The overall design of this study aimed to develop a machine learning model to classify MM cells and then to determine which genes were responsible for the classification decision. MM was chosen because it is a prevalent cancer worldwide, with still a relatively low 5-year survival rate compared to other cancers. Additionally, MM still lacks a specific treatment regimen that targets genetic pathways characteristic of the cancer. Therefore, this study aimed to identify genes that progress the cancer so scientists can further research these genes for targeted treatment.

All of the models achieved above a 95% accuracy in classifying each of the 4 stages of MM progression. Every model performed the best in identifying MM cells and the worst at identifying MGUS cells. This study hypothesizes that the models were the worst in identifying MGUS cells because their genetic composition was similar to NBM cells. This explains why many MGUS cells were misidentified to be NBM. As shown in previous literature by Rajkumar (2022) [34], MGUS is still a benign stage in MM progression and M proteins are not present yet. MGUS is the most similar stage to NBM so genetic differences may not be apparent.

Genes

All genes listed in the table are hypothesized to play a role in MM progression. Genes were cross-validated in an extensive PubMed database search to determine if PCA and the models worked correctly. If the gene was previously established in literature to be associated with MM progression, it can help validate the possible genes that are implicated in progressing MM, which can then be extended to novel genes found in this study.

ANKRD28, the most important gene in PC3, which is also the most important PC determined by both RF and SVM, has previously been established to be responsible for genetic disorders when mutated [27]. ANKRD28 plays a role in cellular adhesion and promotes migration which are two factors important in cancer proliferation. Furthermore, ANKRD28 is found to be hypomethylated in MGUS cells as shown by Heuck et al. (2013) [15]. Hypomethylation of the gene can be a possible explanation for why gene expression levels were higher in cancerous cells compared to NBM cells.

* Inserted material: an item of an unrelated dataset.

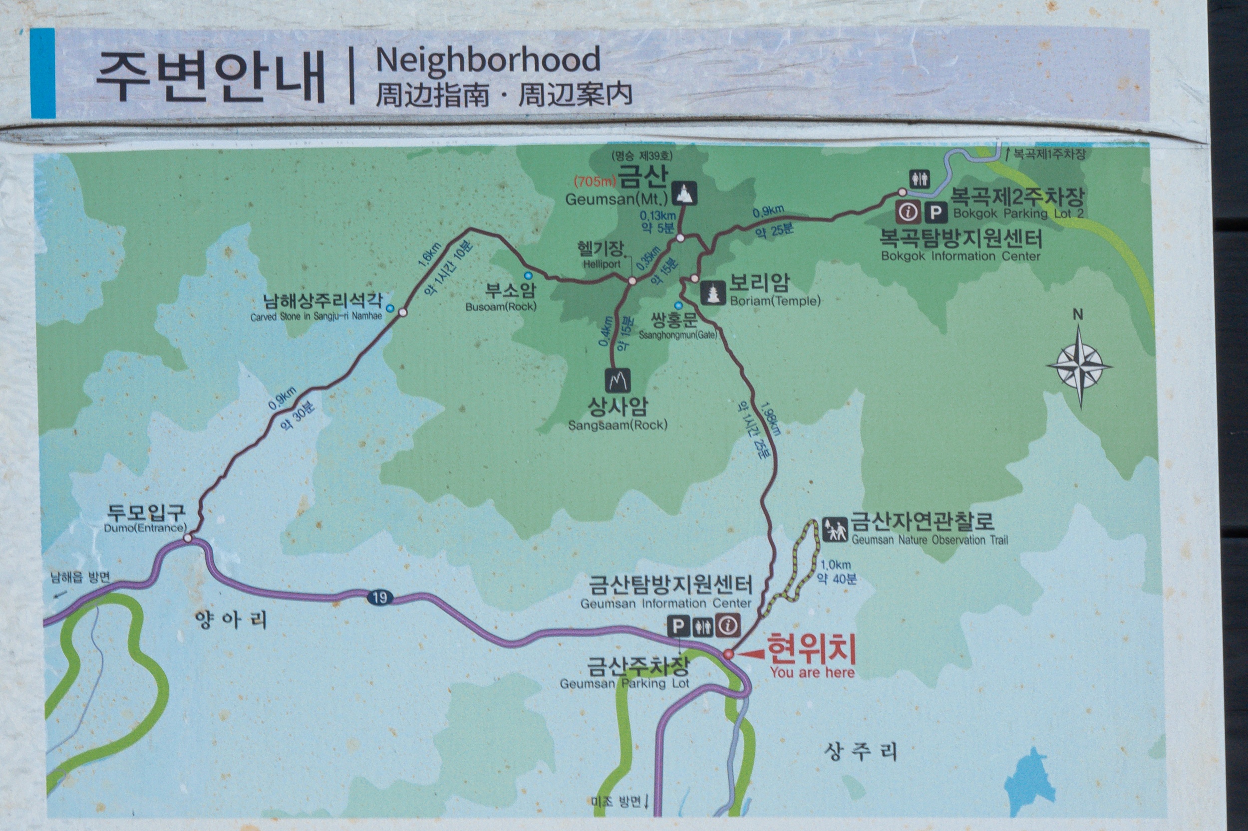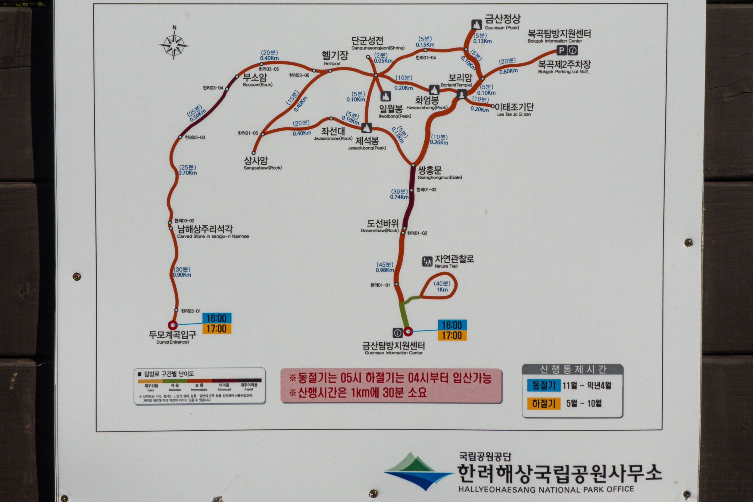 금산탐방지원센터 - 도선바위 - 쌍홍문 - 보리암 - 금산 정상 - 단군성전 - 금산 산장 - 좌선대 - 상사암 - 좌선대 - 제석봉 - 쌍홍문 - 도선바위 - 금산탐방지원센터

Although the exact function of ANKRD28 is unclear, this gene still shows potential to be a promising indicator for progression and identification of MGUS cells (Wu et al., 2023) [44].

HLA-DPA1, the most important gene in PC5, which is the most important PC determined by KNN, is responsible for hypoxia in MM when mutated (Yang et al., 2020) [45]. Yang et al. (2020) [45] states that this gene can be a potential indicator with prognostic values in multiple myeloma, which needs to be further investigated.

Most notably, two genes listed in the table, RP5-1171I10.5 and CH17-224D4.2, were not yet established to be associated with MM. RP5-1171I10.5 is responsible for the production of a long non-coding RNA which is responsible for cell proliferation in breast cancer. This gene’s role in breast cancer progression shows potential to also be important in other types of cancer such as MM. Unfortunately, the function of the CH17-224D4.2 gene has not yet been reported in PubMed so it will be excluded from the study.

Potential for application

All three models achieved a promising accuracy above 95%, which shows its potential to be effective in diagnosing MM in plasma cells. These models can be implemented in clinical studies to swiftly identify MM when given genetic expression data.

More importantly, this study discovered the novel gene, RP5-1171I10.5, to be associated with MM progression. Based on the models’ performance and cross-validation, this gene is likely to play a role in MM. This gene should be further studied to create more specific targeted genetic therapies for MM.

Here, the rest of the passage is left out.